In the midst of this dark night of the soul, God was clearly at work and poured out numerous assurances on me. But while I functioned well as pastor, at the same time I was left broken and depressed. In part, this is because it was the first time in my ministry that I had experienced what I perceived of as failure. For a time, I blamed myself for the whole situation.
The Mystic Within Me
I was able to get the help I needed, and by grace my health was restored. During this “walk through the valley of the shadow of death”, God opened a whole new world of spiritual discovery to me. I began to search my roots, recalling family stories of saints and circuit riders in my ancestry. I remember standing before the graves of my great, great, great grandfather and uncle at Taylor Memorial United Methodist Church, which my grandfather later served. It dawned on me that I was not the first church planter in my family. My ancestors had started churches during some very difficult times in Alabama history, yet had depended on Wesleyan spirituality to carry them through. One of the grave markers reads “… embraced religion at 21 years of age, soon thereafter commenced to preach the unsearchable riches of Christ, and continued to do so until his decease …” I felt the nudge of the Spirit say to me, “if they could do that, you can do this!” Realizing my place in the larger picture of the witness of the saints restored my hope that I would make it through the dark night of the soul. I began to realize that these struggles connected me with the body of Christ throughout the centuries.

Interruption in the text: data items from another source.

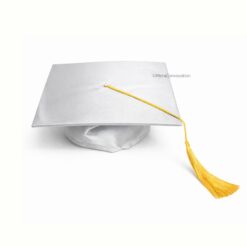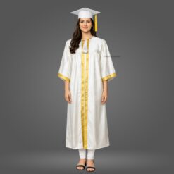 White Shiny Graduation Gown and Cap with Golden Border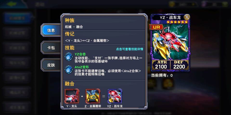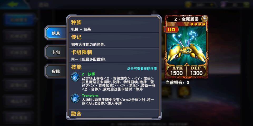 xyz中的z有些1500攻击跟1300的防御说实话身材真的不行。。。(这里身材指怪物攻防数值)不过人家是打融合的是搞配合的这个身材不关键人家是有特殊效果的!入场后如果场上有x或者y存在就可以进行融合然后自身被除外,当手里没有atoz合体时以直接获取一张atoz跟y是一样的效果,这卡本身没有什么强度不过跟xy配合起来简直爆炸,不过z本来就是作为融合素材自身的身材根本就是无关紧要。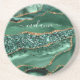 Agate Green Gold Glitter Geode Marble Custom Name Coaster

The Spirit’s nudging had begun! I began a series of visits to Sacred Heart monastery in Cullman, Alabama for personal retreat, journaling, and praying in the context of the rhythm of Benedictine life. I was drawn to the holiness of this place and it became a sanctuary where I could search for inner clarity. Using the resources of the monastery library, I spent time in study of the Gnostic heresy and how the church responded over the centuries. I began to see how Gnosticism is still present in strands of the modern Church and clarified my personal response to it. I began to discover the ancient mystics. In particular, I spent time with Thomas a Kempis, John of the Cross, Teresa of Avila, and other assorted devotional writers, as well as modern writers such as Thomas Moore and Henri Nouwen.
I discovered that there is a mystic within me that has been crying out for my entire life. For a time, I had let that “dancer” within me free but provided her little structure, and she “blew with every wind of doctrine”. Then for a time, I reacted to the pain of failure by stuffing the mystic back into the dark recesses of my soul and went back to the world of doing and functioning. I plummeted because I was, in effect, shutting off a part of myself. God has shown me that this has been the grand pendulum swing of my spiritual life throughout my journey, though it had not been this extreme before. It became clear to me that the “mystic-in-me” needed the nurture of spiritual formation studies to be truly free and yet grounded in faith.

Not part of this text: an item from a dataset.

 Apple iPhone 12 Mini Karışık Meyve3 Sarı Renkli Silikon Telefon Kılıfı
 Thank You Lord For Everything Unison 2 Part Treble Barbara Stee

Continuing this quest I found myself participating in a Renovare Conference and joined a Renovare small group with two other pastors, one of whom has since become my spiritual director. This fellowship fed my soul and helped me to restore balance to my spiritual life. I also continue to visit the monastery from time to time. I began to lead the congregations I serve in spiritual formation experiences rooted in my own journey. I attended the Academy for Spiritual Formation and become part of the leadership teams of other Academies. My covenant group continues to be lifegiving for me. I have discovered that there is room to let the mystic free in the context and balance of our great faith heritage.
My Sacred Tree
Ultimately, my answer to the question of what attracts me to Spiritual Formation might be best given with an image that has become my most sacred metaphor. During one of my earlier visits to Sacred Heart, after spending two days in arduous studies, internal struggles, and prayer, I became unexpectedly enthralled while walking by an extremely large Magnolia tree that rests near the front door of the monastery. I spent two hours contemplating under that tree, examining its large trunks, admiring its extensive branches and leaves. I was overwhelmed with a simple thought that in order for this tree to grow so large, firm, and beautiful – in order for this tree to reach up to God in praise and to reach out to the world - it must have expansive roots. Roots were what I needed.

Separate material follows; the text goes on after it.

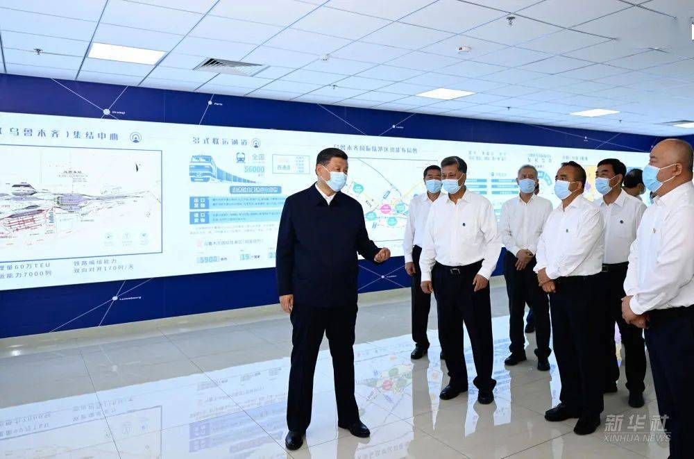 习近平总书记7月12日下午来到乌鲁木齐国际陆港区,听取整体情况介绍,通过实时画面察看中欧班列(乌鲁木齐)集结中心各功能区和阿拉山口口岸、霍尔果斯口岸现场作业情况,并同工作人员及现场办事人员亲切交流。

I had spent too much of my life trying to expand my branches while ignoring my roots, and this led to a “top heavy” spirituality over the years. I had striven to reach out to God, make music that glorifies my Creator, and make a difference in the world. These are all good things, but I had not nourished the roots I so desperately needed. I had discovered the things of the Spirit but had neglected the things of the soul. To stay with the metaphor, it took an experience of “fallenness” to show this truth to me. Thank God for the grace that lifted me back up.
Spiritual formation experiences nourish and grow the roots of my spiritual tree. I am developing the mystic in me and feasting on deeper food for the journey through spiritual disciplines. I need the structure of experiences such as the Academy, covenant group, spiritual direction, and visits to the monastery to help me to continue along the sacred path God has placed on my heart. The rhythm of the daily offices, the grounding in exploration of our spiritual traditions, and the balance of academic and experiential learning help me to deepen my roots. I have found that when it comes to the things of the Spirit, structure is a very good thing. Surprising, I know.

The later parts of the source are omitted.